First cut changes for commit.

turbonfs/inc/file_cache.h

@@ -233,10 +233,37 @@ struct membuf
      * immediately so that it can handle other interactive requests (note that
      * fuse threads are very limited). Later when the flush/write to Blob
      * actually completes, it completes the fuse task(s) queued in this list.
+     *
+     * Note: Depending on whether a membuf is written using UNSTABLE or STABLE
+     *       write, it will or won't need to be committed. A membuf written
+     *       using UNSTABLE write will be just added to the TBL (Temporary Block
+     *       List) of the Blob and won't be visible to other readers and
+     *       writers, till it's committed (which will add it to the Committed
+     *       Block List, the CBL).
+     *       A membuf written using STABLE write will be committed, i.e., it'll
+     *       be added to the CBL, and won't need an extra commit call.

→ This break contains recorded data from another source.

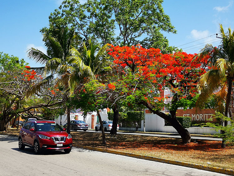 Канкун (как и большинство Мексики) зеленый всегда. И всегда цветущий. В каждом месяце года хоть что-то да цветет. Некоторые цветы (как стрелиция) цветут с перерывами круглый год, вне зависимости от сезона. Или бугенвиллея -- эта тоже круглый год красивая. А другие -- по сезонам. Скажем, делоникс -- летом, а табебуйя -- в конце зимы/начале весны, а драцена зимой. Ну, и так далее.
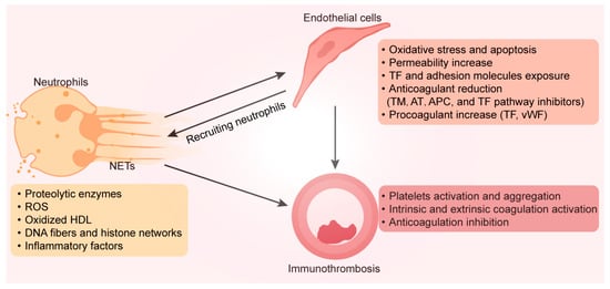 As the most plentiful white blood cells in the blood, neutrophils play an essential role in innate immunity []. Neutrophils typically have the lowest lifespan among white blood cells, which is critical for avoiding continued inflammation and tissue healing in patients with osteonecrosis []. A considerable portion of neutrophils depart from the bone marrow during inflammation. Accompanying this process are the secretion of inflammatory cytokines and molecules, the synthesis of reactive oxygen species, and the release of proteolytic enzymes []. Moreover, proinflammatory substances and other enzymes found in neutrophil extracellular traps (NETs), which are released by active neutrophils, cause endothelial dysfunction and apoptosis []. The externalization of extracellular matrix proteases during NET formation causes endothelial injury and glycocalyx shedding, which exposes adhesion receptors and TF, thereby stimulating platelet and leukocyte adhesion and further inflammation []. The ROS-generating enzymes NO synthase (NOS) and oxidized high-density lipoprotein are also expressed at high levels in NETs, where they reduce their ability to efflux cholesterol and prevent foam cell formation, which fosters plaque formation and coagulopathy []. Engelmann et al. evaluated the mechanisms of NET-mediated thrombosis and used the term “immunothrombosis” to describe this process []. By producing a cascade of favorable feedback that enhances thrombosis both in vivo and ex vivo, the scaffold formed by DNA fibers and histone networks in NETs attracts platelets, leukocytes, red blood cells, and plasma proteins []. Inflammation in injured endothelial cells results in a reaction secretion (e.g., adhesion molecules and pro-inflammatory factors) during the acute phase, which disseminates to the circulation []. Through interactions with vWF, extracellular DNA in NETs can intensify thrombosis and inflammatory processes []. NETs stimulate the intrinsic coagulation process and facilitate the connection among neutrophils with factor XII (FXII). TF expression and activity in endothelial cells can be increased by NETs, expanding the extrinsic coagulation pathway []. Moreover, endothelial-derived anticoagulants such as antithrombin (AT), activated protein C (APC), and TF pathway inhibitors are inhibited by NETs, which leads to thrombosis []. In patients with ONFH, the femoral head microvessels contain a considerable number of neutrophils and NETs []. Osteonecrosis was further promoted by the intravenous injection of neutrophils capable of forming NETs in rats []. Therefore, the efficient removal of activated neutrophils is a potential target for the treatment of osteonecrosis (Figure 2).
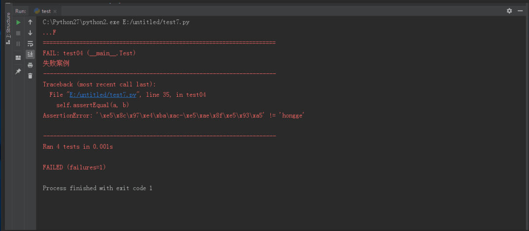 3、在python2中执行的结果,中文编码不对,没正常显示中文,遇到这种情况,可以自定义异常输出,python3正常。有时候也可以根据实际需要采用自定义异常输出,要灵活掌握。

+     *       So, with UNSTABLE write a membuf will have a flush call to write
+     *       the membuf data and then a commit call to commit it to the Blob,
+     *       (usually) along with more such membufs. Various membufs can be
+     *       flushed in parallel, which allows us to get higher write throughput
+     *       than what a single connection can support.
      */
     std::vector<struct rpc_task *> *flush_waiters = nullptr;
     std::mutex flush_waiters_lock_44;
 
+    /**
+     * Like flush_waiters, commit_waiters is the list of tasks(s) waiting for
+     * this membuf to be committed, i.e., data in this membuf to be added to
+     * the CBL (Committed Block List) of the backing Blob. Note that the membuf
+     * must have started flushing, but it may not have yet completed flushing.

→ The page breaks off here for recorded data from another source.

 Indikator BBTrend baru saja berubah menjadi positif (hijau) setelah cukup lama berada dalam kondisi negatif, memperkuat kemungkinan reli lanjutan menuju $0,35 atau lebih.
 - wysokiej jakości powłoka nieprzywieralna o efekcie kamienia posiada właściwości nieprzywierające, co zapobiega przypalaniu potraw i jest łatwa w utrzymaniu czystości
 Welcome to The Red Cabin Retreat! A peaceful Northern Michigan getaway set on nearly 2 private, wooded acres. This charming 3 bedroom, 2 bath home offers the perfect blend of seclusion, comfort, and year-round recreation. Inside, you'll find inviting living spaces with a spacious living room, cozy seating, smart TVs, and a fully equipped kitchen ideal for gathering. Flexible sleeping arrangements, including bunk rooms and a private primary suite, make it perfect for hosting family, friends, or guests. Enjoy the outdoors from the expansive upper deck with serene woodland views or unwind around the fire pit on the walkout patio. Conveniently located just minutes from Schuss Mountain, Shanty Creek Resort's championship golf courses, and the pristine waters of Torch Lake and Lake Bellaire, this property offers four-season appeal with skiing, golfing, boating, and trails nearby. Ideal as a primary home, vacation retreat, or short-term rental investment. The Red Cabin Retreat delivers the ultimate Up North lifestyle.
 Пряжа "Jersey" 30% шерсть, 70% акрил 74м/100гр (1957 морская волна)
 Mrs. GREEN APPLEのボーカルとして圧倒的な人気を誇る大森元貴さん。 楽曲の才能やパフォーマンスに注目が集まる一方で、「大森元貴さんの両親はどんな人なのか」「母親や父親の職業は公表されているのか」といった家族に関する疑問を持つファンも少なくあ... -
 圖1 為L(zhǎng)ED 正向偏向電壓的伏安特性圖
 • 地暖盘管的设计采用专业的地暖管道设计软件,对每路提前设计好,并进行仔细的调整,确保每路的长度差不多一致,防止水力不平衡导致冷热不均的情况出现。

+     * When the membuf successfully completes flushing, the flush callback will
+     * start the commit and on completion of commit, the commit_waiters will be
+     * called.
+     * Also see flush_waiters.
+     */
+    std::vector<struct rpc_task *> *commit_waiters = nullptr;
+    std::mutex commit_waiters_lock_44;
+
     /**
      * get_flush_waiters() returns the list of tasks waiting for this
      * membuf to be flushed to the Blob. All these tasks must be completed
@@ -247,6 +274,16 @@ struct membuf
      */
     std::vector<struct rpc_task *> get_flush_waiters();
 
+    /**
+     * get_commit_waiters() returns the list of tasks waiting for this
+     * membuf to be committed to the Blob. All these tasks must be completed
+     * appropriately when membuf commit completes (success or failure).
+     *
+     * Note: This splices the commit_waiters list and returns, and hence
+     *       it's not idempotent.
+     */
+    std::vector<struct rpc_task *> get_commit_waiters();
+
     /*
      * If is_file_backed() is true then 'allocated_buffer' is the mmap()ed
      * address o/w it's the heap allocation address.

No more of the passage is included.